A resource allocation mistake from Louis Van Gaal?

Yesterday, before they were defeated by Leicester, the Man United manager said that he would get rid of players who stayed on the bench too long. What he meant was if they didn’t make it into the first team, he would get rid of them. At least, that was my interpretation.

van-gall

As a project manager, I thought this raised some interesting issues:

  1. Why buy players – resources – that you’re not sure are up to the mark. Surely you need to do some due diligence first?
  2. As the players have no control of their playing time, why put them on the bench if you don’t intend to play them?
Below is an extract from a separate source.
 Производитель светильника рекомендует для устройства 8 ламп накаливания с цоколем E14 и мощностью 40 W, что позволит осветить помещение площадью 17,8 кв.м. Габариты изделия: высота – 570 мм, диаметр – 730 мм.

Again, this seems a strange way to motivate players, ie employees, who have no direct control of their future. It creates a Catch 22. If they are not playing, how can they prove their worth?
  3. How long is too long? One of the difficulties of motivating teams is that unless there is a very specific time frame, well, things lose focus. What is too long in this case? A month, two months? Maybe he has told the players in private, maybe not, which of course, could be another way to create tension and possibly more efforts from under-performing players.
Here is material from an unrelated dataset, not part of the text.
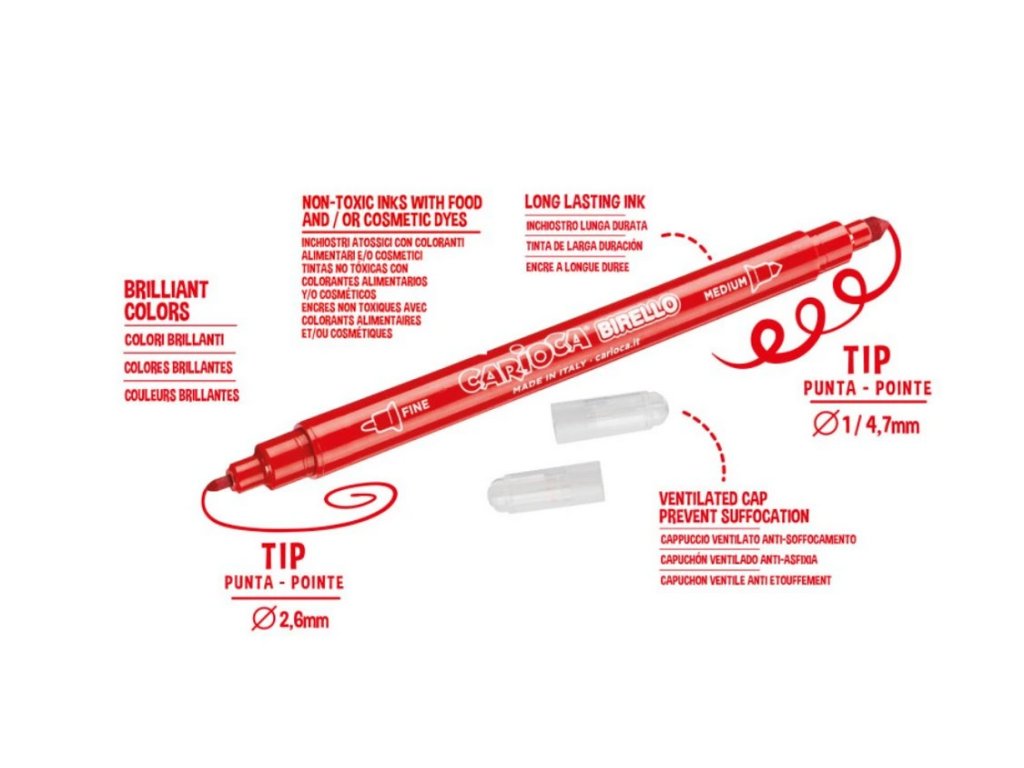 Carioca Birello box 24 ks je všestranná sada oboustranných fixů, která nabízí maximální kreativitu a pohodlí. Každý fix je vybaven dvěma hroty: jemným hrotem pro detaily a jemné linie a silnějším hrotem pro ploché vybarvování a silnější tahy. Tato kombinace umožňuje širokou škálu uměleckých technik, od precizních ilustrací až po výrazné plakátové kresby.

Let’s go back to the original point: churn.

As a project manager, or a small business owner, you only have limited resources. You can’t always afford to churn resources. It’s expensive, time consuming, and doesn’t guarantee any improvement.
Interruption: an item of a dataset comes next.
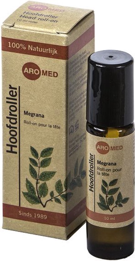 Hoofdklachten kent vele oorzaken en kan allerlei vormen aannemen. De meest voorkomende is spierspanning. Dit wordt veroorzaakt door spanningen van de spieren in je hals, schouders en hoofd. Deze spieren gaan vervolgens aan het botvlies van de schedel trekken. Bij een aanhoudend karakter is er meestal ook sprake van een te grote spanning in de bloedvaten, waardoor er druk ontstaat op de zenuwuiteinden. Megrana Hoofdroller bevat een zeer breed scala aan etherische olin, zodat er bij vrijwel alle soorten hoofdklachten snel verlichting kan optreden.Vele oorzakenZwaarhoofdigheid is geen ziekte, maar een symptoom. De oorzaak is dus ergens anders in je lichaam te vinden. Stress, angst en spanningen zijn belangrijke factoren die dit kunnen veroorzaken. Het kan ook veroorzaakt worden door vermoeide ogen, verminderde nier- of hartfunctie. Een verkeerde houding kan meespelen, maar ook een schommeling van de hormoonspiegel. Verder is bekend dat verhoging, verkoudheid en verstopte neusbijholte of voorhoofdsholte dit kan veroorzaken.Verlichtend en verkoelendMegrana Hoofdroller is een natuurproduct op basis van etherische olin met een brede werking. Het is vervaardigd op basis van Raapolie, Zonnebloem, Amandel, Wintergreen, Menthol, Kamfer, Eucalyptus, Lavendel, Pepermunt, Dennenhars, Rozemarijn en Wilde Marjolein. Migrana Hoofdroller geeft direct verlichting door haar verkoelende werking. Het heeft een ontspannende werking op de verkrampte spieren en verlaagt de druk op het hoofd, zodat de bloedvaten zich weer zullen ontspannen. Ook stimuleert Migrana Hoofdroller de doorbloeding. Daardoor kunnen melkzuren uit de spieren beter worden afgevoerd. Enkele etherische olin zijn eveneens verlichtend.GebruikMegrana Hoofdroller wordt geleverd in een handige roll-on flesje. Hierdoor is het gemakkelijk zuinig aan te brengen langs de haargrens van voorhoofd, slapen, achter oren en nek. Bij lichte druk is 1 maal aanbrengen voldoende. Heeft men hevige of aanhoudende druk dan de handeling 2 tot 4 maal om de 15-20 minuten herhalen en een extra glaasje water drinken.Eigenschappen en inhoud:* Werkt kalmerend en verlichtend* Helpt vastzittende (nek-)spieren te ontspannen* Bevordert de doorbloeding en heeft een verkoelende werking* Dringt door in de dieper gelegen weefsels* Ook aan te bevelen bij kinderen vanaf 4 jaar en tijdens de zwangerschap* Ingredinten: Raapolie, Zonnebloem, Amandel, Wintergreen, Menthol, Kamfer, Eucalyptus, Lavendel, Pepermunt, Dennenhars, Rozemarijn, Wilde Marjolein* Verkrijgbaar als 10 ml roll-on flacon

The new resources could be worse than the current ones.

So, what to do?

Personally, I try to:

  • Look at what’s worked in the past, really worked.
  • Ignore current trends, fashions, and fads.
  • Create very specific aims. For example, right now, I want to create more video content. It’s related to a specific goal I have for mobile technologies.

Is Van Gaal doing the right thing?

I suspect he’s trying to do many things at the same time, and under pressure to deliver results almost immediately. This creates a frenzy of energy. Some will work, others not.

Churning people feels wrong. Maybe it’s a language thing I suspect that if people feel they are no more than objects that can be churned on a weekly basis, well, the results will reflect this.